Extracted data entries:
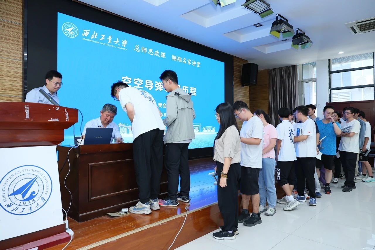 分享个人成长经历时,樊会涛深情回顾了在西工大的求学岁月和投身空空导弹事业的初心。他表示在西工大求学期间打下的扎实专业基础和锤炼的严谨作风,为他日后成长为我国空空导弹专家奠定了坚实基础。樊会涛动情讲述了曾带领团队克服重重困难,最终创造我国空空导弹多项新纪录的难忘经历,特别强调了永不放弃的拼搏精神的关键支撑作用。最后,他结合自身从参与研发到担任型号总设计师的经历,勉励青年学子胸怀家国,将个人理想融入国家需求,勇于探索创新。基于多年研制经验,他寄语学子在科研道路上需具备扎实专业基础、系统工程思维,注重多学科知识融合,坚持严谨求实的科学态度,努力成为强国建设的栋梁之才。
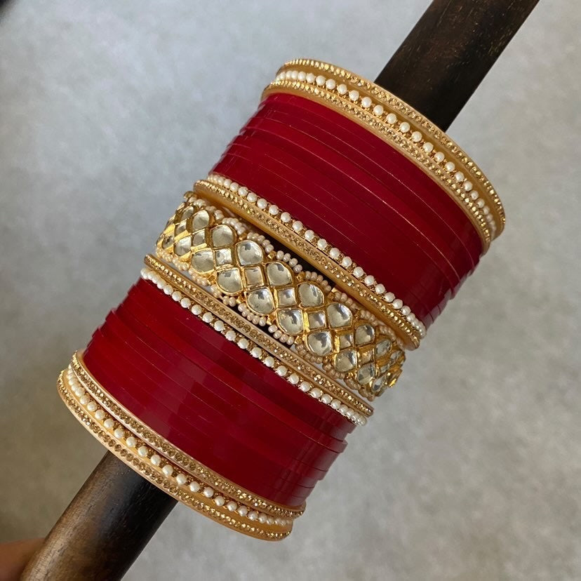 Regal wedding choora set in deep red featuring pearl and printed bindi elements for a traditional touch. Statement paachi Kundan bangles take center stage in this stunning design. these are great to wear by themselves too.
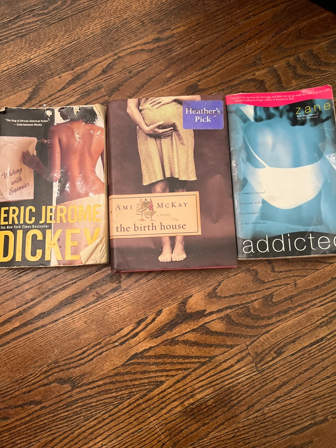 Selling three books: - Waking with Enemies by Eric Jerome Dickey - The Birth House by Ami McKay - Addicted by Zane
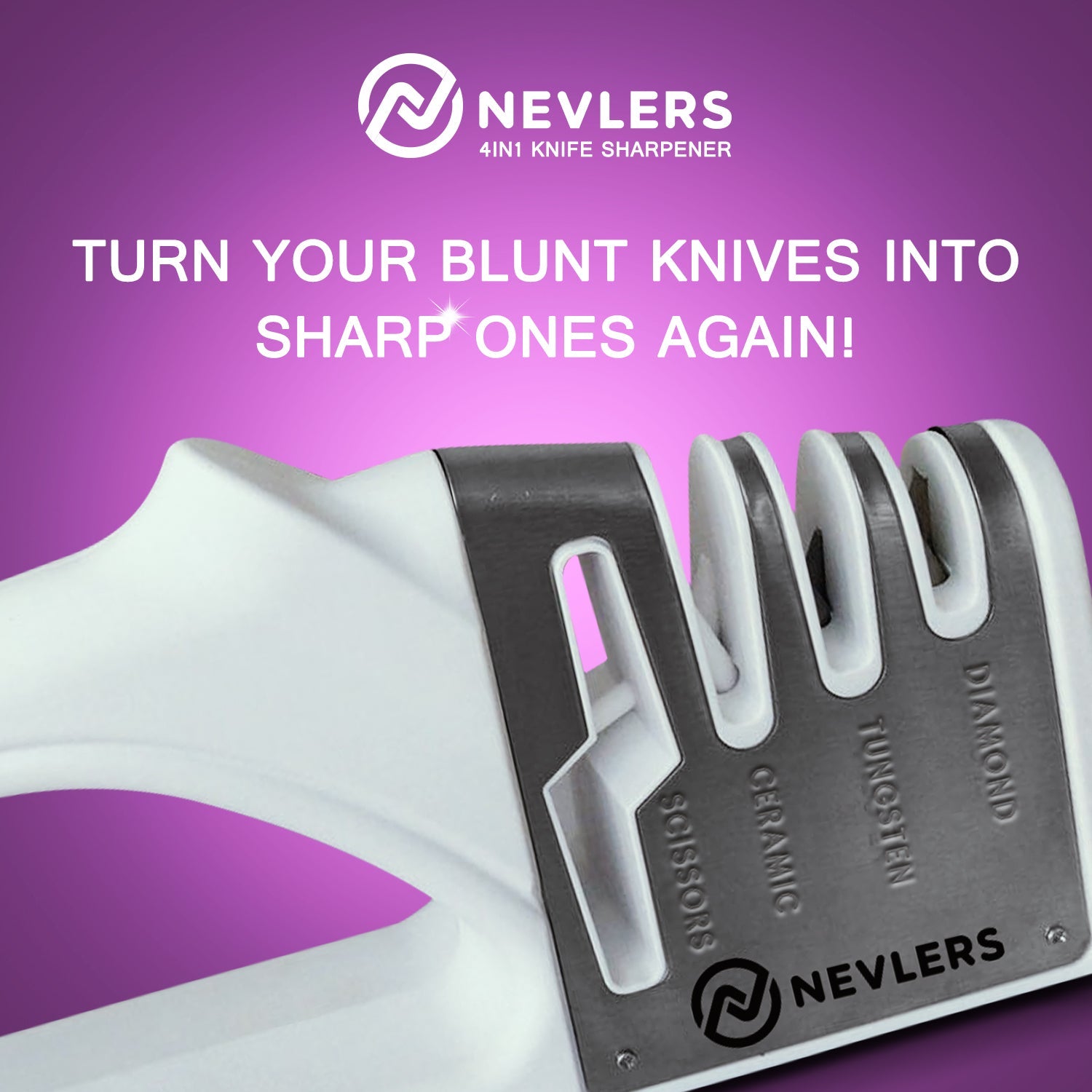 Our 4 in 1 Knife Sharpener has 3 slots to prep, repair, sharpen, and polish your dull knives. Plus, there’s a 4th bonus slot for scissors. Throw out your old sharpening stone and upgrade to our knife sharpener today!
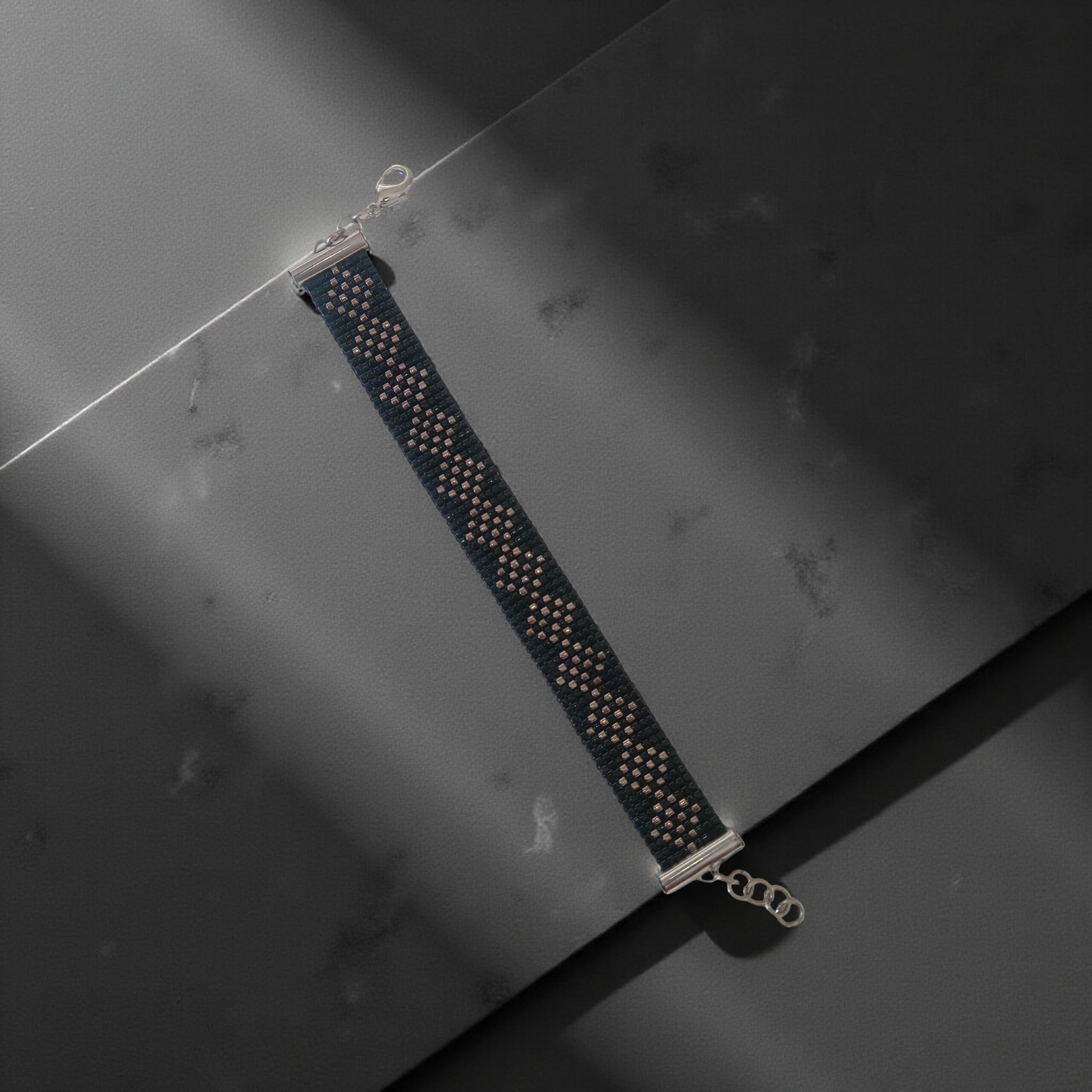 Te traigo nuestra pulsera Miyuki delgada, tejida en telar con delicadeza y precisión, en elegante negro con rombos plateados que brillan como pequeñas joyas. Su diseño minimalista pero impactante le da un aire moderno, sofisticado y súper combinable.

--- TASK DIRECTIONS ---
Find the line with "Selling three books: - Waking" and the line with "Our 4 in 1 Knife" in the records above. Copy both and all lines between them exactly, without pictures.

--- WRITTEN REPLY ---
 Selling three books: - Waking with Enemies by Eric Jerome Dickey - The Birth House by Ami McKay - Addicted by Zane
 Our 4 in 1 Knife Sharpener has 3 slots to prep, repair, sharpen, and polish your dull knives. Plus, there’s a 4th bonus slot for scissors. Throw out your old sharpening stone and upgrade to our knife sharpener today!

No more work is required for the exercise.